Exercise instructions: Only these lines, please: the first one of the records through the one containing "м №03 св.кремовый", retyped exactly, both ends included and pictures omitted.

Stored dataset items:
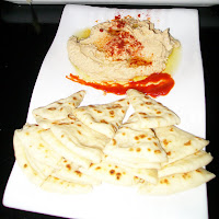 It was happy hour so my Specialty Martini was only $5.00 and starters were half price! What a perfect way to start the evening and get a great deal. We chose the House Marinated Olives and the Fusion Hummus. The olive display was a beautiful array of assorted olives, manchego cheese, extra virgin olive oil, and peppadew. The hummus is made with a mix of chickpeas and cannellini beans, spanish paprika and sriracha. It had a great creamy texture and just a little spice. The combination of the hummus and olives paired beautifully.
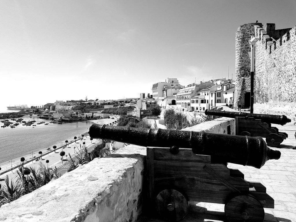 Old artillery canons aimed over the first port of Portugal at Sines.
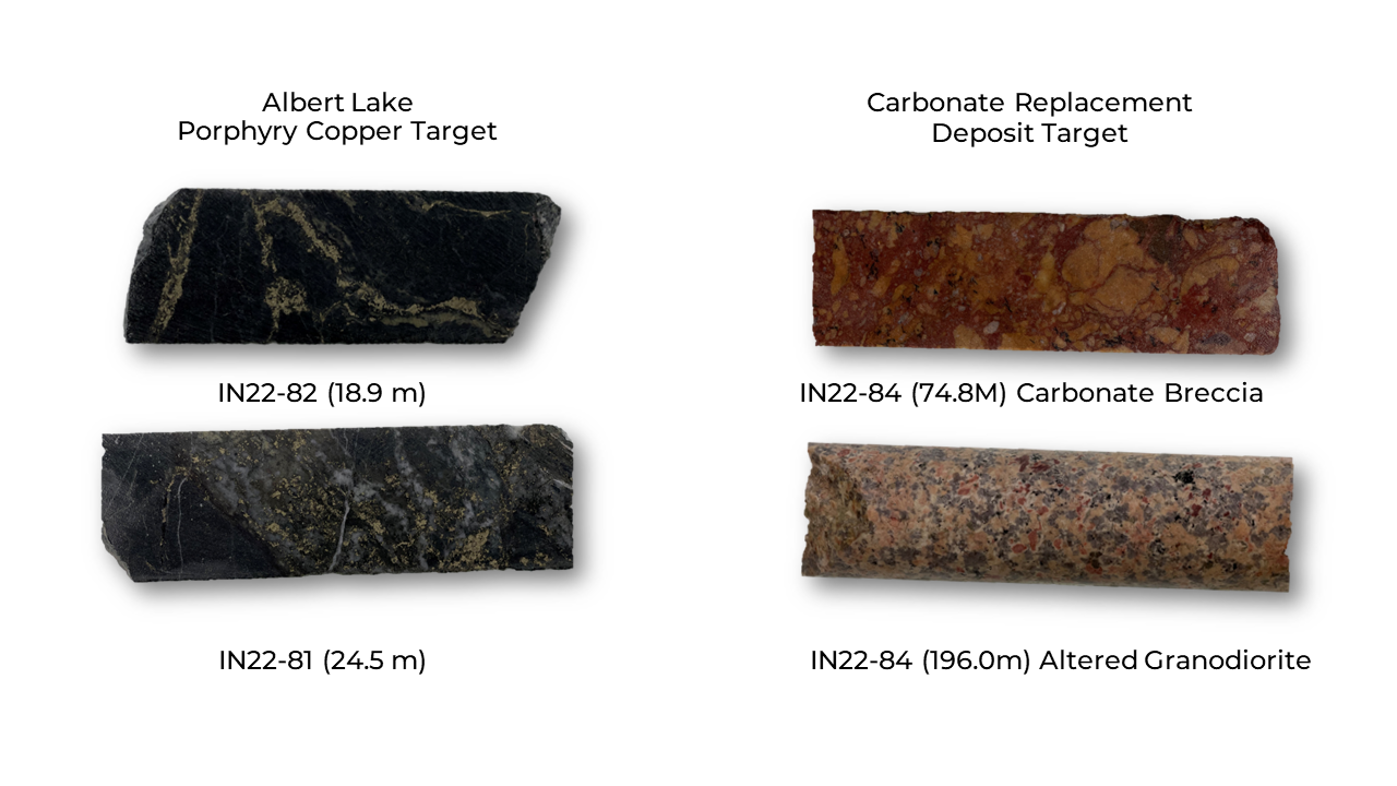 Porphyry copper mineralization was observed in six of the 2022 drill holes, both in the Lake Zone and also in a new area 500 metres to the south. The mineralization is associated with widespread silicification and biotite alteration occurring in chlorite altered Triassic-Jurassic andesite and diorite. Previous drill results from the Lake zone include 27 metres averaging 0.27% Cu in hole 08-I-01 and 0.2% Cu over 148.2 metres in hole 98-4, which includes an interval of 0.37% Cu over 24.1 metres. The Lake zone is currently open for expansion in all directions.
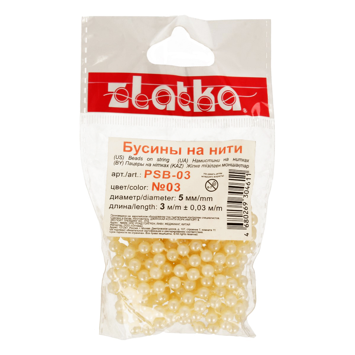 Бусина "Zlatka" на нити под жемчуг пластик PSB-03 5 мм 3 м ± 0.03 м №03 св.кремовый
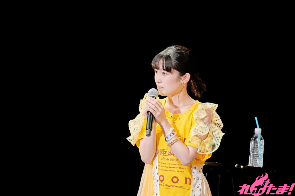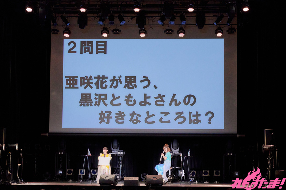 アンケートで選ばれた、青を基調とした名古屋公演のライブT衣装で登場した亜咲花さん。早速ゲストで大親友の声優・黒沢ともよさんを呼び込むと、なんと大阪公演で亜咲花さんが着ていた黄色のライブT衣装で登場。黒沢さんからの「本当に私でよかったの?」「そこまで仲がいいのかな……?」と不仲をにおわせる(?)発言に亜咲花さんはタジタジ(笑)

Exercise output:
 It was happy hour so my Specialty Martini was only $5.00 and starters were half price! What a perfect way to start the evening and get a great deal. We chose the House Marinated Olives and the Fusion Hummus. The olive display was a beautiful array of assorted olives, manchego cheese, extra virgin olive oil, and peppadew. The hummus is made with a mix of chickpeas and cannellini beans, spanish paprika and sriracha. It had a great creamy texture and just a little spice. The combination of the hummus and olives paired beautifully.
 Old artillery canons aimed over the first port of Portugal at Sines.
 Porphyry copper mineralization was observed in six of the 2022 drill holes, both in the Lake Zone and also in a new area 500 metres to the south. The mineralization is associated with widespread silicification and biotite alteration occurring in chlorite altered Triassic-Jurassic andesite and diorite. Previous drill results from the Lake zone include 27 metres averaging 0.27% Cu in hole 08-I-01 and 0.2% Cu over 148.2 metres in hole 98-4, which includes an interval of 0.37% Cu over 24.1 metres. The Lake zone is currently open for expansion in all directions.
 Бусина "Zlatka" на нити под жемчуг пластик PSB-03 5 мм 3 м ± 0.03 м №03 св.кремовый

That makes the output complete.